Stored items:
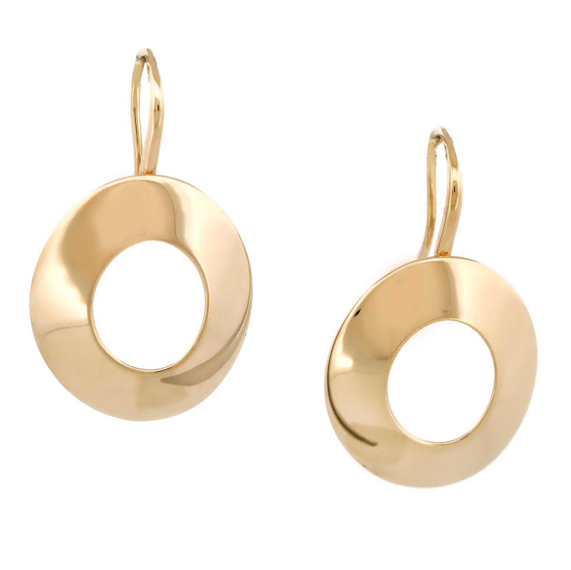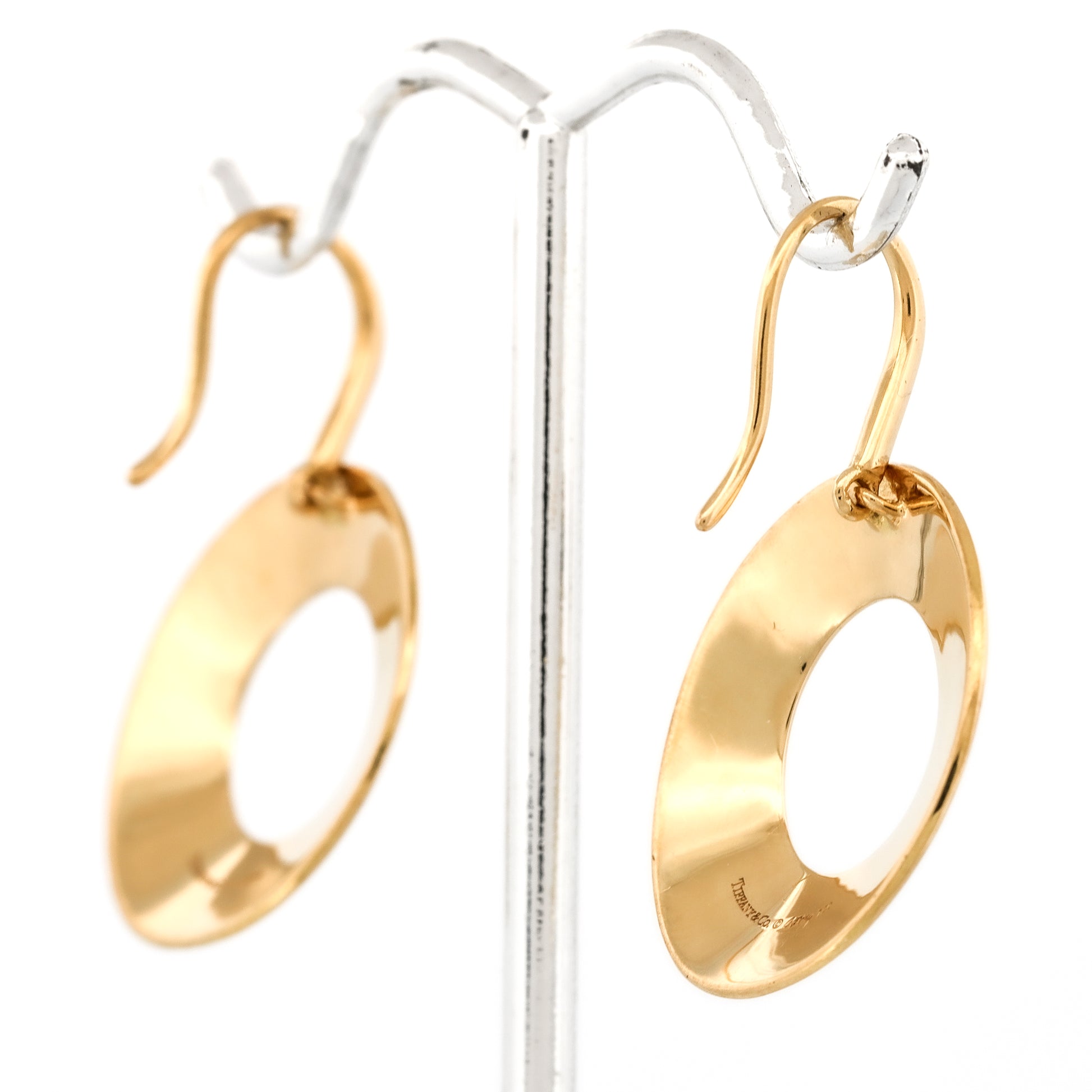 Eleve su estilo con estos excepcionales aretes colgantes Morph de Tiffany & Co. Frank Gehry en oro amarillo de 18 k. Estos aretes encarnan la esencia de la modernidad y el diseño artístico, mostrando un estilo de disco abierto ovalado con un estilo contemporáneo.
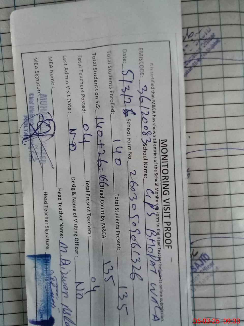 | EMIS Code: 36120083 | Name of School: GPS BHOPAT WALA P/O AGHARKHANI SHUJABAD | |||
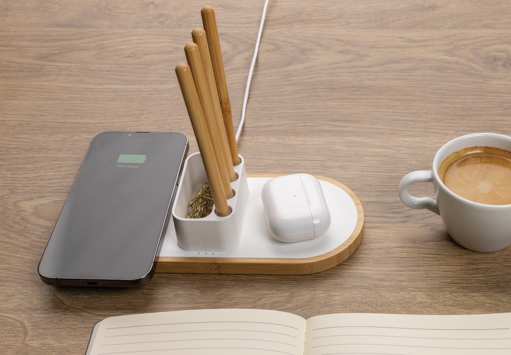 Kahekordne 10 W kiire juhtmevaba laadija koos pliiatsihoidjaga, mis on valmistatud RCS (Recycled Claim Standard) sertifitseeritud taaskasutatud ABS-ist. Taaskasutatud kogusisaldus: 31% eseme kogukaalust. RCS-sertifikaat tagab taaskasutatud materjalide täielikult sertifitseeritud tarneahela. Põhi on valmistatud FSC® 100% bambusest. Juhtmeta laadimine ühildub Androidi uusimate põlvkondade, iPhone 8 ja uuemate versioonidega. Saab laadida kahte telefoni korraga või laadida mis tahes muud juhtmevaba seadet. 4 pliiatsiauguga pliiatsite/pliiatsite hoidmiseks ja väikese hoiukohaga visiitkaartide või muude väikeste esemete hoidmiseks. Toode ja tarvikud PVC-vaba. Kaasa arvatud 120 cm C-tüüpi laadimiskaabel, mis on valmistatud RCS-sertifikaadiga taaskasutatud TPE-st. Pakitud FSC®mix kraftkarpi. Type-C in; Sisend 5V/2A; 9V/2A; Juhtmeta väljund 5V/1A;9V/1,1A; (10W) Registreeritud disain®
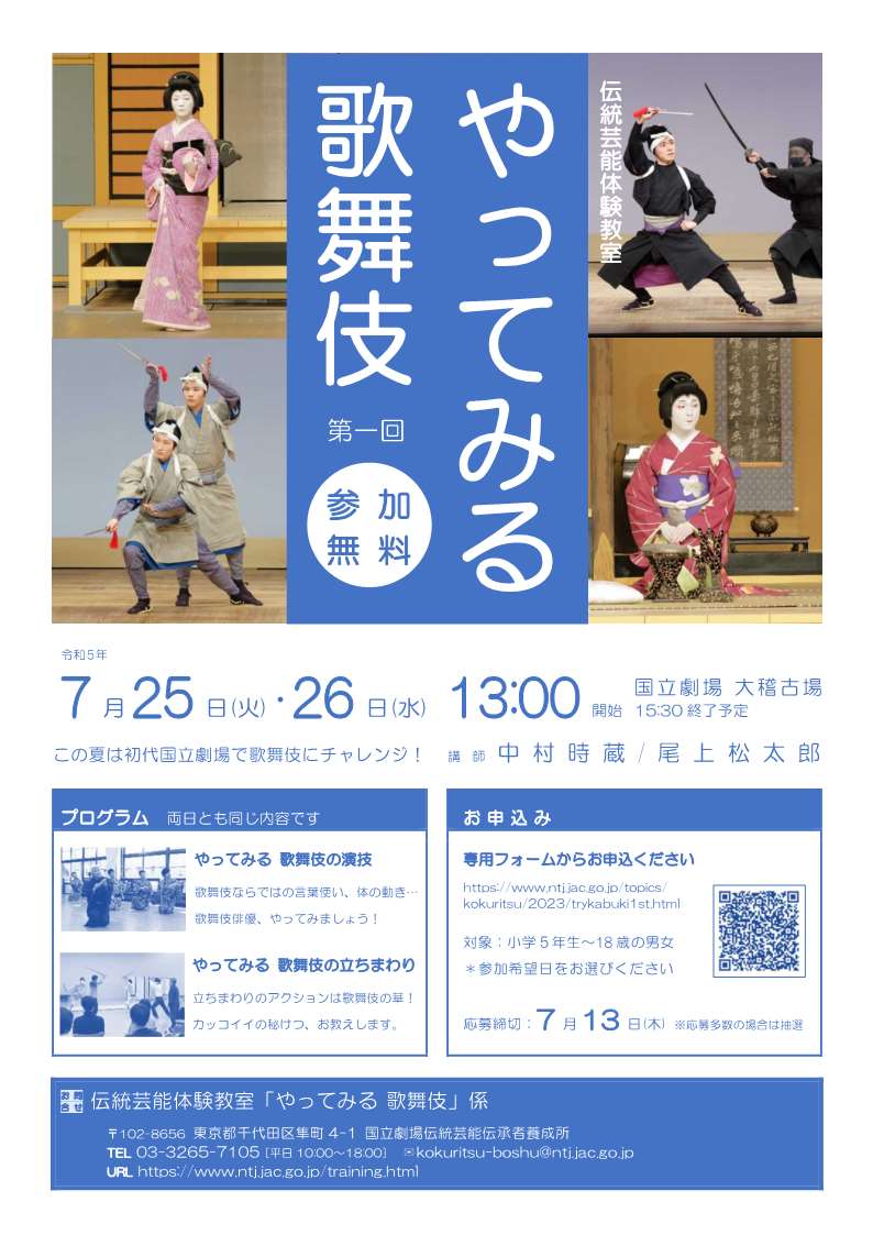【終了】伝統芸能体験教室「やってみる 歌舞伎」が開催されます 2023.06.21勉強会
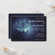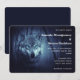 En bröllopsinbjudan med en bild av en magisk, mystisk varg som står i en skog med skonsam snö som faller runt. Blått ögon verkligen är en slump för dig.
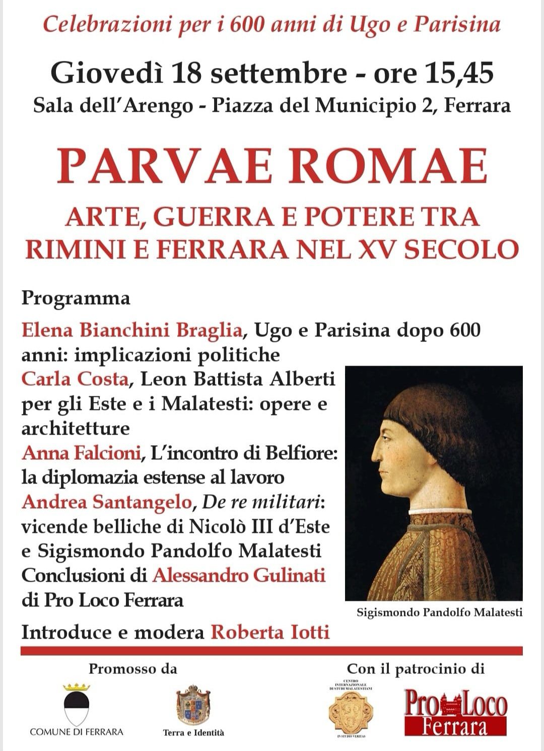Parvae Romae. Arte, guerra e potere tra Rimini e Ferrara nel XV secolo è il titolo del convegno che si terrà giovedì 18 settembre alle ore 15,45 presso la sala dell'Arengo nel palazzo comunale di Ferrara. L'evento rientra nel programma delle celebrazioni per il 600° della decapitazione di Ugo e Parisina promosse dal Comune di Ferrara e dall'associazione Terra e Identità che da 25 anni si occupa di studiare e valorizzare la storia estense.
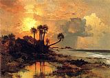 This Thomas Moran Slave Hunt, Dismal Swamp, Virginia painting is oil on canvas. We offer original oil painting, stretched canvas and large framed art, but do not offer poster, print or giclee for this Thomas Moran Slave Hunt, Dismal Swamp, Virginia.
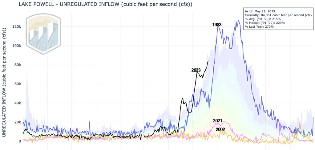 But who knows? Maybe this past wet winter and huge runoff isn’t an anomaly. Maybe it’s the new normal and big rains and snows will come regularly over the next 20 years, filling up the reservoirs, saturating the soil, and swelling the Colorado River into the muddy monster of yore. Maybe we won’t need these cuts after all. But I sure as heck wouldn’t bank on it.

## What you should do
Nothing should appear in the answer except the lines from the first line of the data through the line holding "Parvae Romae. Arte, guerra", exactly as written, with pictures left out.

## Output of the exercise
 Eleve su estilo con estos excepcionales aretes colgantes Morph de Tiffany & Co. Frank Gehry en oro amarillo de 18 k. Estos aretes encarnan la esencia de la modernidad y el diseño artístico, mostrando un estilo de disco abierto ovalado con un estilo contemporáneo.
 | EMIS Code: 36120083 | Name of School: GPS BHOPAT WALA P/O AGHARKHANI SHUJABAD | |||
 Kahekordne 10 W kiire juhtmevaba laadija koos pliiatsihoidjaga, mis on valmistatud RCS (Recycled Claim Standard) sertifitseeritud taaskasutatud ABS-ist. Taaskasutatud kogusisaldus: 31% eseme kogukaalust. RCS-sertifikaat tagab taaskasutatud materjalide täielikult sertifitseeritud tarneahela. Põhi on valmistatud FSC® 100% bambusest. Juhtmeta laadimine ühildub Androidi uusimate põlvkondade, iPhone 8 ja uuemate versioonidega. Saab laadida kahte telefoni korraga või laadida mis tahes muud juhtmevaba seadet. 4 pliiatsiauguga pliiatsite/pliiatsite hoidmiseks ja väikese hoiukohaga visiitkaartide või muude väikeste esemete hoidmiseks. Toode ja tarvikud PVC-vaba. Kaasa arvatud 120 cm C-tüüpi laadimiskaabel, mis on valmistatud RCS-sertifikaadiga taaskasutatud TPE-st. Pakitud FSC®mix kraftkarpi. Type-C in; Sisend 5V/2A; 9V/2A; Juhtmeta väljund 5V/1A;9V/1,1A; (10W) Registreeritud disain®
【終了】伝統芸能体験教室「やってみる 歌舞伎」が開催されます 2023.06.21勉強会
 En bröllopsinbjudan med en bild av en magisk, mystisk varg som står i en skog med skonsam snö som faller runt. Blått ögon verkligen är en slump för dig.
Parvae Romae. Arte, guerra e potere tra Rimini e Ferrara nel XV secolo è il titolo del convegno che si terrà giovedì 18 settembre alle ore 15,45 presso la sala dell'Arengo nel palazzo comunale di Ferrara. L'evento rientra nel programma delle celebrazioni per il 600° della decapitazione di Ugo e Parisina promosse dal Comune di Ferrara e dall'associazione Terra e Identità che da 25 anni si occupa di studiare e valorizzare la storia estense.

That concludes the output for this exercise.